13) Storage, Indexing, and Infra
- Graph DB: Neo4j / JanusGraph (typed edges, path queries).
- Warehouse/Lake: DuckDB/Parquet for bulk ops & reproducibility.
- Search: OpenSearch/Elasticsearch with analyzers per language/script.
- Job orchestration: Airflow/Prefect; every run fingerprinted (Git-tagged rules, source versions).
- Releases: Semantic versioning of the corpus and API.
14) APIs & SDKs
- Resolve:
/resolve?name=Giovanni&lang=it→ canonical root + neighbors. - Expand:
/expand?root=JOHN&max_depth=4&type=DIMINUTIVE,COGNATE - Explain:
/edge/{id}→ rule, sources, confidence breakdown. - Search:
/search?q=Yahya&f=lang:arwith highlighting. - Bulk: async export endpoints; webhooks for snapshot availability.
- SDKs: Python/JS clients with convenience helpers (transliterate, score, visualize).
15) Evaluation & Gold Sets
- Build language-specific gold lists (curated by onomastics experts).
- Metrics: edge-type accuracy, path precision@k, cultural appropriateness checks, error taxonomy (false merges vs missed links).
- A/B rule tuning with offline evaluation + spot human audits.
16) Ethics, Culture, and Safety
- Respect endonym/exonym sensitivities and naming taboos.
- Mark sacred/theophoric names; avoid careless conflation.
- Support opt-out (if tying to living individuals), comply with local data laws.
- Transparent provenance & license display.
17) Performance & Scale
- Precompute nearest-neighbor indices (FAISS/Annoy) for embeddings.
- Use language sharding and script partitions.
- Batch all costly transliteration/phonology steps; cache aggressively.
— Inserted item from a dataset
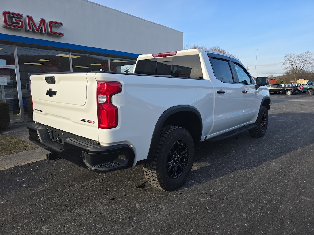 Summit White 2025 Chevrolet Silverado 1500 ZR2 4WD 10-Speed Automatic 3.0L I6 10-Speed Automatic, 4WD, Jet Black/Graystone Leather, 10-Way Power Driver Seat w/Lumbar, 10-Way Power Passenger Seat Adjuster w/Lumbar, 12.3" Multicolor Reconfigurable Digital Display, 120-Volt Bed Mounted Power Outlet, 120-Volt Interior Power Outlet, 15" Diagonal Multicolor Head-Up Display, 2 USB Data Ports, 2nd Row Heated Outboard Seats, Adaptive Cruise Control, All-Weather Floor Liner (LPO), Assist Step & Truck Bed Cover Value Pkg III (LPO), Auto-Dimming Inside Rear-View Mirror, Bed View Camera, Bluetooth® For Phone, Chevytec Spray-On Black Bedliner, Color-Keyed Carpeting Floor Covering, Deep-Tinted Glass, Driver Memory, Dual Rear USB Ports (Charge Only), Electric Rear-Window Defogger, Electronic Cruise Control, EZ Lift Power Lock & Release Tailgate, Floor Mounted Center Console, Front LED Fog Lamps, Front Rain-Sensing Wipers, Hard Folding Truck Bed Cover (LPO), HD Surround Vision, Heated Driver & Front Outboard Passenger Seats, Heated Steering Wheel, Heavy-Duty Air Filter, High Gloss Black Mirror Caps, Hill Descent Control, Hitch Guidance, Hitch Guidance w/Hitch View, In-Vehicle Trailering System App, Integrated Trailer Brake Controller, Keyless Open & Start, LED Cargo Area Lighting, Manual Tilt/Telescoping Steering Column, Off-Road High Clearance Steps (LPO), OnStar Services Capable, Outside Heated Power-Adjustable Mirrors, Performance Red Recovery Hooks, Perimeter Lighting, Power Front Passenger Windows w/Express Up/Down, Power Front Windows w/Driver Express Up/Down, Power Rear Windows w/Express Down, Power Sliding Rear Window w/Rear Defogger, Power Tilt & Telescoping Steering Column, Preferred Equipment Group 3LT, Rear Camera Mirror, Rear Cross Traffic Braking, Rear Pedestrian Alert, Rear Wheelhouse Liners, Remote Vehicle Starter System, Safety Alert Seat, SiriusXM w/360L Trial Subscription, Standard Tailgate, Steering Wheel Audio Controls, Technology Package, Teen Driver, Theft Deterrent System (Unauthorized Entry), Tire Pressure Monitoring System, Trailer Camera Provisions, Trailer Side Blind Zone Alert, Trailering Package, Ultrasonic Front & Rear Park Assist, Universal Home Remote, Up-Level Rear Seat w/Storage Package, Ventilated Driver & Front Passenger Seats, Wi-Fi Hot Spot Capable, Wrapped Steering Wheel, ZR2 Suspension Package.

- Streaming dedup with probabilistic structures (MinHash/LSH) to avoid O(n²).
18) Minimal Working Prototype (MVP Path)
- Pick a root (e.g., JOHN).
- Ingest 3–4 trusted seed sources for EN/DE/FR/IT/RU/AR/HE/EL.
- Implement rule packs for:
- Latin↔Cyrillic, Latin↔Greek, Latin↔Arabic/Arabic↔Latin
- Diminutive rules for Slavic/Romance/Gaelic
- Build a confidence scorer v0 (hand-tuned α…ε).
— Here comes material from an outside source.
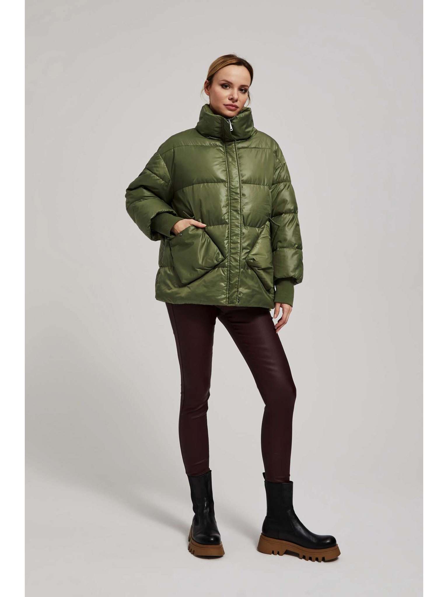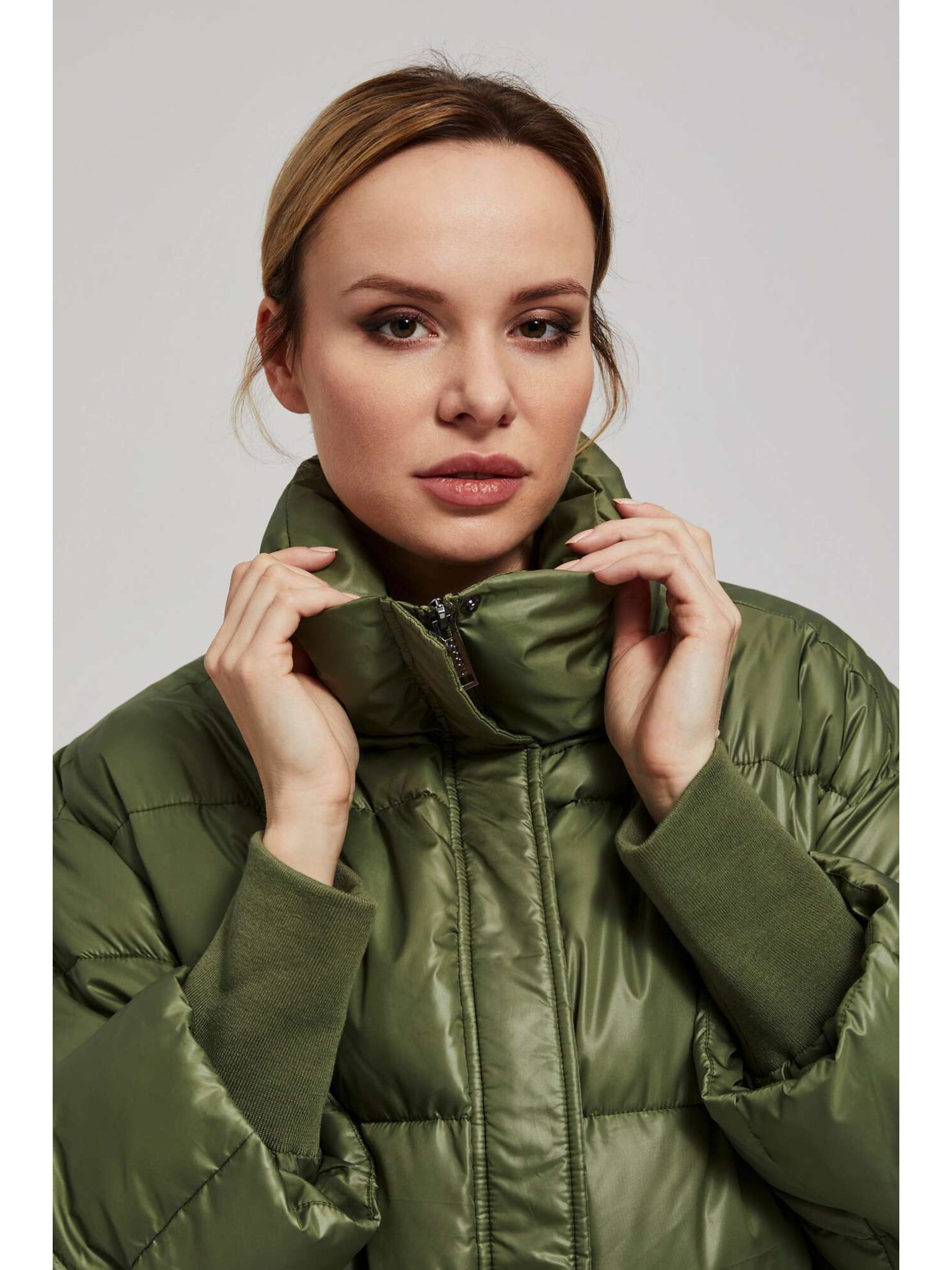 Prošívaná bunda s kapucí olivová Moodo

- Stand up Neo4j + a small FastAPI with
/expandand/explain. - Curate 1,000 edges; tune; then scale to 100k via BFS + batching.
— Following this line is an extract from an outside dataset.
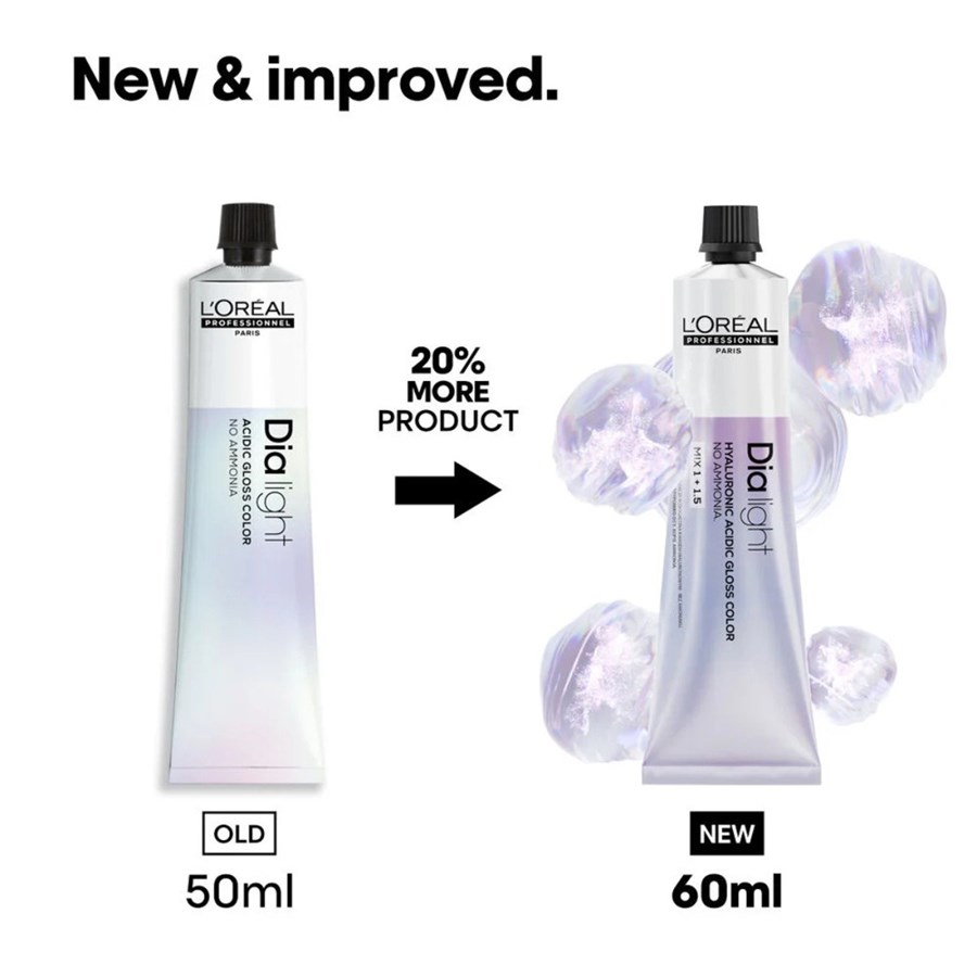 The future of gloss colour is hyaluronic. New Dia light, powered by 1% Hyaluronic Acid complex. Instantly replenishes lost moisture by enrobing the hair fiber in a hydrating film.This new formula is ammonia free.

19) Example Rule (Pseudocode)
def slavic_diminutive(base: str, lang: str):
rules = [
{"suf":"ek","w":0.85},{"suf":"ka","w":0.75},{"suf":"sha","w":0.7},
{"suf":"enka","w":0.65},{"suf":"ochka","w":0.6}
]
for r in rules:
cand = phon_safe(base, lang) + r["suf"]
yield Edge(base, cand, type="DIMINUTIVE",
rule_id="SLAVIC_DIM_001", confidence=0.4+0.6*r["w"])
20) Example Confidence Blend (Explainable)
Edge: JOHN —(COGNATE)→ IOANNIS
Features: rule_prior=0.92, source_authority=0.90 (lexicon A + corpus B),
freq_evidence=0.48, phonetic_match=0.81, roundtrip=0.76, human_validation=—
C = 0.25*0.92 + 0.20*0.90 + 0.15*0.48 + 0.20*0.81 + 0.10*0.76 + 0.10*0.00
= 0.76
21) UI for Exploration (Analyst & Public)
- Root page with etymon, gloss (“God is gracious”), timelines, heatmaps.
- Variant facets: by language, script, type, confidence bins.
- Path viewer: shortest/strongest path from root to variant with edge explanations.
- IPA & audio (TTS per language) to compare phonology.
22) Versioning, Reproducibility, and Audit
- Every corpus build pinned to:
- Rule pack commit hashes
- Source versions + checksums
- Model artifacts (embedding, transliteration tables)
- Change logs: added/removed edges, confidence shifts, new languages.
23) Roadmap (Going from Solid to Sublime)
- v0.1: 8 languages, 20k variants, public read API.
- v0.3: 20+ languages, 100k+ variants per major root (John/Mary/Maria).
- v0.5: Curator marketplace; guided corrections; multilingual UI.
- v1.0: Full orthography–phonology–etymology triad with export-grade QA.